→ Goal of the exercise: Of all the entries below, retype only the lines from the one with "圖3 全國公路氣象預報圖(2月4日14時-5日14時)" through the one with "利物浦vs水晶宫半场数据:射球 6-6、射正1-5、积分 机会0-3", exactly as they appear.

[[ Study material, beginning ]]

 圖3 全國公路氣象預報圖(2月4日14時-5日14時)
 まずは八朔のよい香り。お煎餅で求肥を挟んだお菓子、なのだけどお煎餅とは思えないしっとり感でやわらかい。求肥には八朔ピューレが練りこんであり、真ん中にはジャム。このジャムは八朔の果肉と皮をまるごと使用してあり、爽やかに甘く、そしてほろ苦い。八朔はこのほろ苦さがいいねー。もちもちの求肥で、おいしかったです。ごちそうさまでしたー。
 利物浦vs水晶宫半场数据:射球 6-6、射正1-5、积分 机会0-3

[[ Study material, end ]]
[[ Study material, beginning ]]

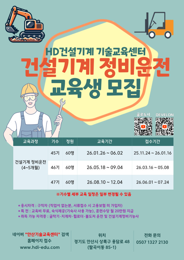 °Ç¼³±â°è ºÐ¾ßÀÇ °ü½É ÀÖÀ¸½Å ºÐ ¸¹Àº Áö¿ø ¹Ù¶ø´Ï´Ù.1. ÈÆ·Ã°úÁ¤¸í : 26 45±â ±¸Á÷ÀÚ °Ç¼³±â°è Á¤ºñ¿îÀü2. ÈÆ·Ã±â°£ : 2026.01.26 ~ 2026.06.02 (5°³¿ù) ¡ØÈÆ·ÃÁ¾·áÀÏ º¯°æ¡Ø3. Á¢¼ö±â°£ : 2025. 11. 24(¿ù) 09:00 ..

[[ Study material, end ]]
[[ Study material, beginning ]]

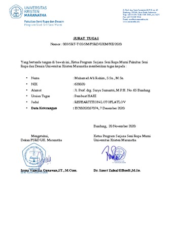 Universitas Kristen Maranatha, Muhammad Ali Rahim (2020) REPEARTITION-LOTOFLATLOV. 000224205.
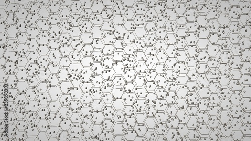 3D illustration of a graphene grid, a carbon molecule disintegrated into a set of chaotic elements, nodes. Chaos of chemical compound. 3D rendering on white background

[[ Study material, end ]]

→ Written answer:
 圖3 全國公路氣象預報圖(2月4日14時-5日14時)
 まずは八朔のよい香り。お煎餅で求肥を挟んだお菓子、なのだけどお煎餅とは思えないしっとり感でやわらかい。求肥には八朔ピューレが練りこんであり、真ん中にはジャム。このジャムは八朔の果肉と皮をまるごと使用してあり、爽やかに甘く、そしてほろ苦い。八朔はこのほろ苦さがいいねー。もちもちの求肥で、おいしかったです。ごちそうさまでしたー。
 利物浦vs水晶宫半场数据:射球 6-6、射正1-5、积分 机会0-3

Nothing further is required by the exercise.